Abdel-Wahed El-Wakil graduated from Ain-Shams University in Cairo, where, from 1965 to 1970, he lectured in the Department of Architecture. El-Wakil has acknowledged the importance of Hassan Fathy to his design development. Since 1971 El-Wakil has been in private practice as an architect. (Source: Architecture and Community: Building in the Islamic World Today. The Aga Khan Award for Architecture. Millerton, NY: Aperture. 1983.)
Qiblatain mosque is part of a larger programme of mosque construction initiated by the Ministry of Hajj and Awkaf. Under this programme, a series of large and small mosques were built, each of which referred to traditional architectural language and vocabulary as their source of inspiration. The site of the mosque is of particular religious significance to Muslims worshippers praying at Qiblatam are said to have first changed their direction of prayer from the qibla in Jerusa1em to the qibla in Mecca in accordance with Divine Will. The design, ornamentation and detailing of the new mosque is aimed at enhancing the sense of history and sanctity, and at creating an appropriate atmosphere for meditation for millions of pilgrims visiting the site every year.
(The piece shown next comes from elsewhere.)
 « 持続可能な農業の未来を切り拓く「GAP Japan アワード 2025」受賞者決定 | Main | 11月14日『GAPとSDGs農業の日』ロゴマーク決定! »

The triangular shaped site is situated to the west of Medina. The land is largely flat with a slight slope in the southeast corner and an 83m frontage to the adjacent main road. The existing 30 year old, reinforced concrete structure was demolished to clear the site for the new mosque.
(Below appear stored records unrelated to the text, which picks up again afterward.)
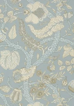 Thibaut Wallpaper Macbeth patroon is een grootschalig Jacobiaans patroon met gestileerde bloemen, bladeren en takken. Het behang wordt afgedrukt op 100% linnen en past bij alle kleuren in het behang.
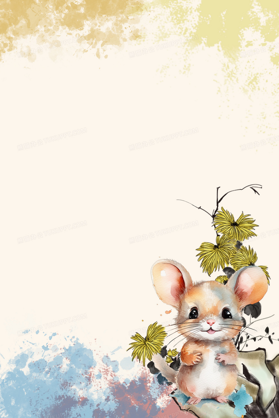 本作品内容为水彩老鼠合成背景, 格式为 psd, 大小32 MB, 图片尺寸为3543 x 5314, 作品中背景图片无需修改, 源文件无水印,可以直接使用, 欢迎使用熊猫办公。 如认为平台内容涉嫌侵权,可通过邮件:tousu@tukuppt.com提出书面通知,我们将及时处理。
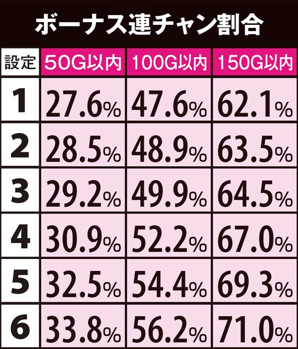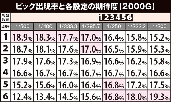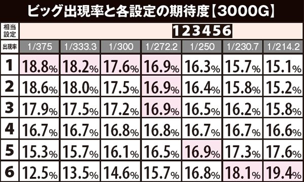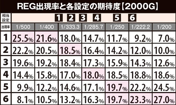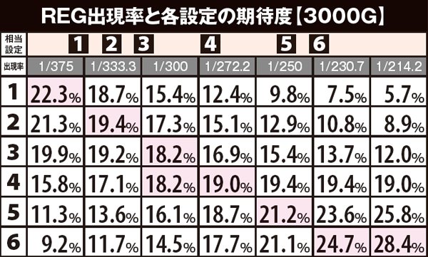 ※各設定期待度は設定1〜6が均等に配分されている場合の数値

Qiblatain mosque can accommodate up to 2000 worshippers. The mair prayer hall adopts rigid orthogonal geometry and symmetry which is accentuated by the use of twin minarets and twin domes. Living accommodations for the Imam, the Muezzin and the caretaker are discreetly grouped it one block to the west of the main structure. The difference in level at the southeast corner of the site has been exploited to incorporate a sub-basement level which serves as the ablutions area for worshippers. To the north, where the ground level is lower, the prayer hall is raised one-storey above ground level. Entry to the prayer hall is from the raised courtyard, also to the north, which can be reached by stairs and ramps from the main directions of approach. The prayer hall consists of a series of arches which support barrel-vaults running parallel to the qibla wall. These vaults are interrupted by two domes which establish an axis in the direction of Mecca. The main dome to the south is raised on a drum of clerestory windows which allow light to filter into the interior directly above the mihrab. The second, false dome is linked to the first by a small cross-vault to symbolise the transition from one qibla to another. Below it, a replica of the mihrab found in the lower chamber of the Dome of the Rock in Jerusalem reminds onlookers of the oldest extant mihrab of Islam. Externally, the architectural vocabulary is inspired by traditional elements and motifs in a deliberate effort to offer an authentic image for an historic site.